WHAT YOU ARE ASKED TO DO:
After locating the line with "オリーブ畑とブドウ畑が連綿とつづくのをヘルメットの中から眺める。" in the entries below, output it and each following line up to and including the line with "山大二院眼科專家王磊、魏超,設備調試人員李公偉進行手術設備拆裝調試", exactly and without pictures.

TASK MATERIAL:
***

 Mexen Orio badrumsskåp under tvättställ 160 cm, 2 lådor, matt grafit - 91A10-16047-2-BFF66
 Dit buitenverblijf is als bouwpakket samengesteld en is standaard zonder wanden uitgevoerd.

***

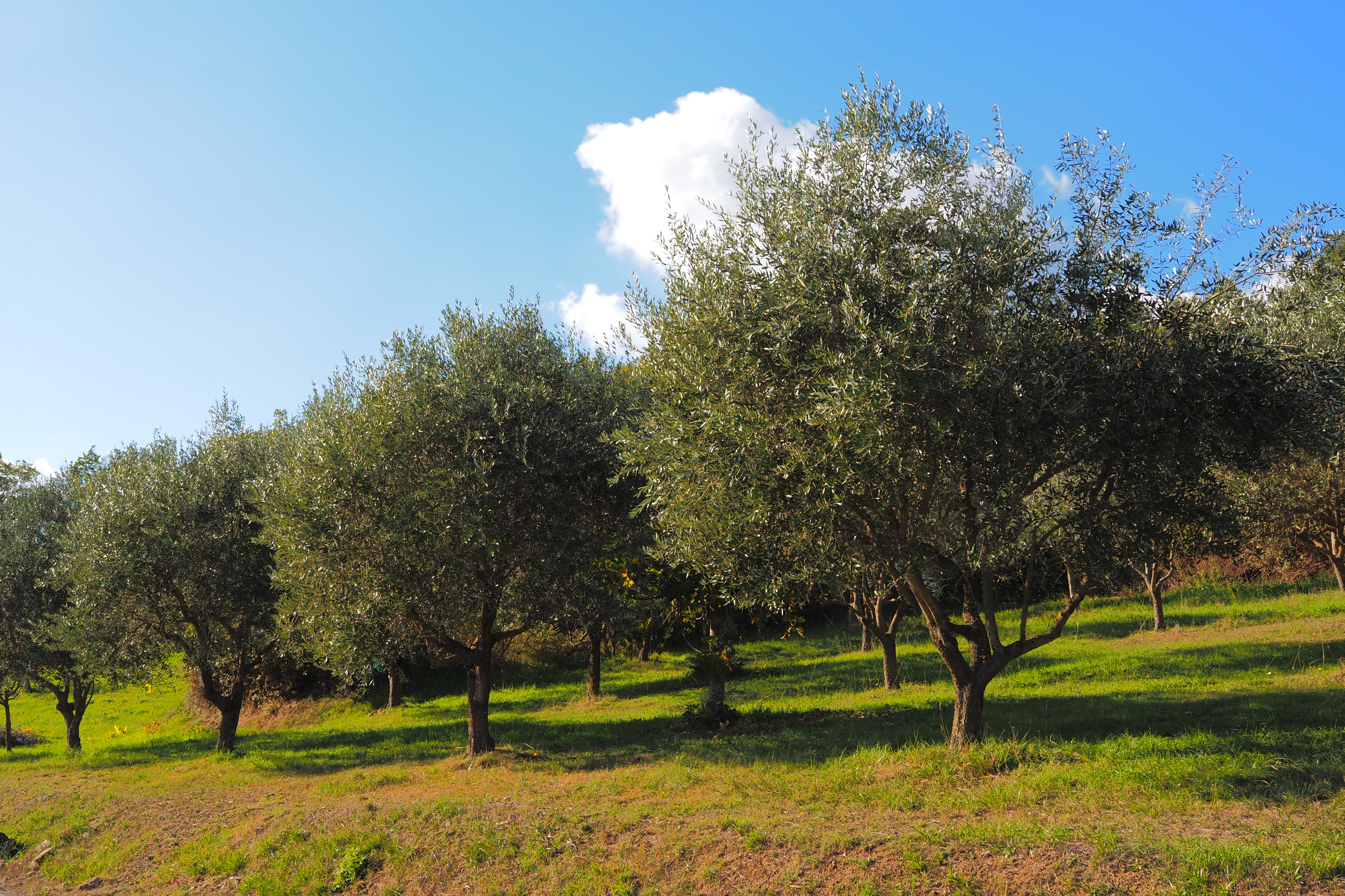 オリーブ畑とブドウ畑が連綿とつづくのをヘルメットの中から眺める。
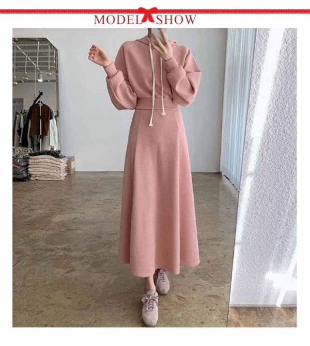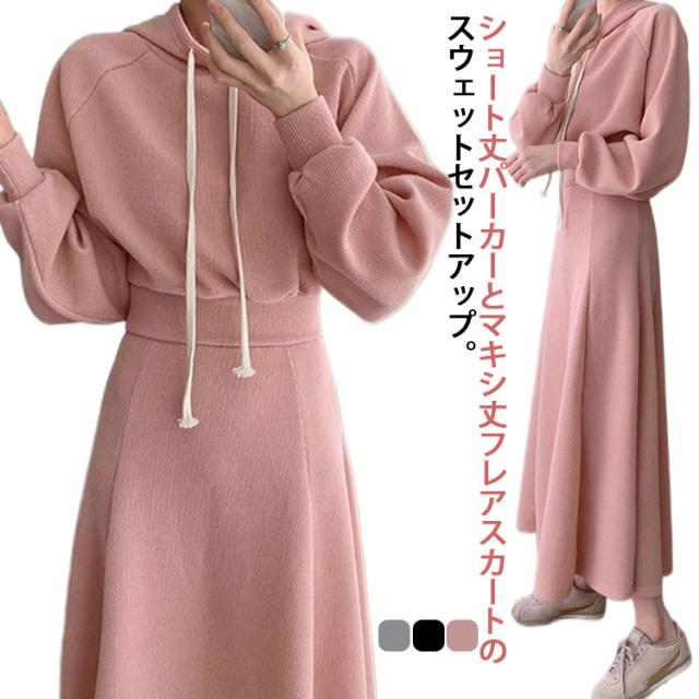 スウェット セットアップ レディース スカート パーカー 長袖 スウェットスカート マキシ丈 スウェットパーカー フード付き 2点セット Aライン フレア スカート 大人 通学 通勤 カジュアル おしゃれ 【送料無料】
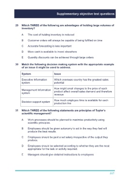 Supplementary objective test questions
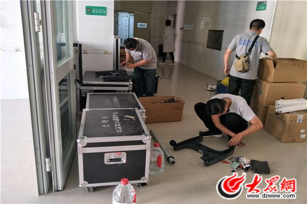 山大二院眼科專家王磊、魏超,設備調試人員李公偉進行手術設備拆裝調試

***

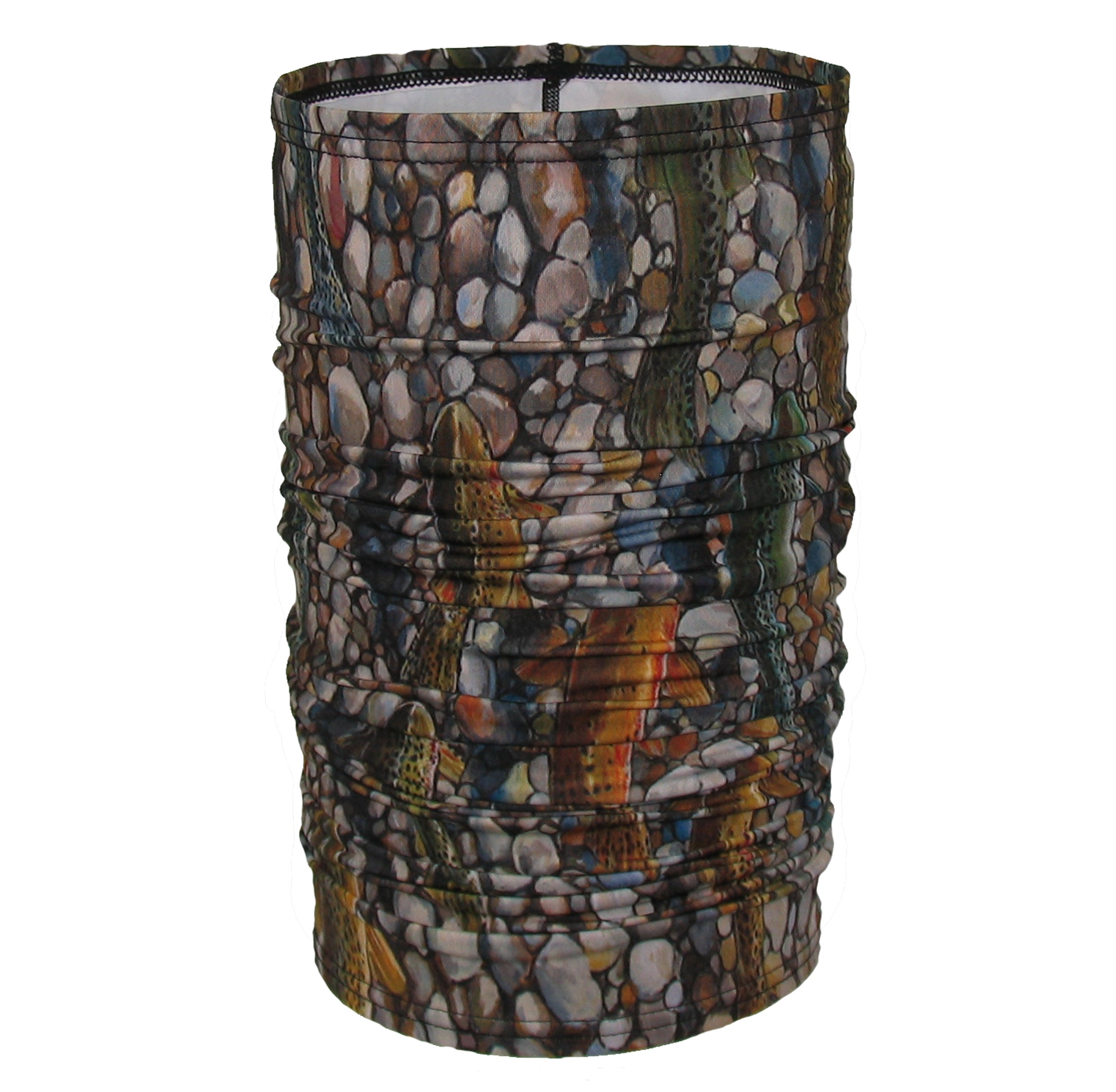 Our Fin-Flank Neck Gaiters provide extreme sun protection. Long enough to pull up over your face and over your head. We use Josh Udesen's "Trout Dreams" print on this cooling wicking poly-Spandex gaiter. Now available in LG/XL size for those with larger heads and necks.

***

WRITTEN RESPONSE:
 オリーブ畑とブドウ畑が連綿とつづくのをヘルメットの中から眺める。
 スウェット セットアップ レディース スカート パーカー 長袖 スウェットスカート マキシ丈 スウェットパーカー フード付き 2点セット Aライン フレア スカート 大人 通学 通勤 カジュアル おしゃれ 【送料無料】
 Supplementary objective test questions
 山大二院眼科專家王磊、魏超,設備調試人員李公偉進行手術設備拆裝調試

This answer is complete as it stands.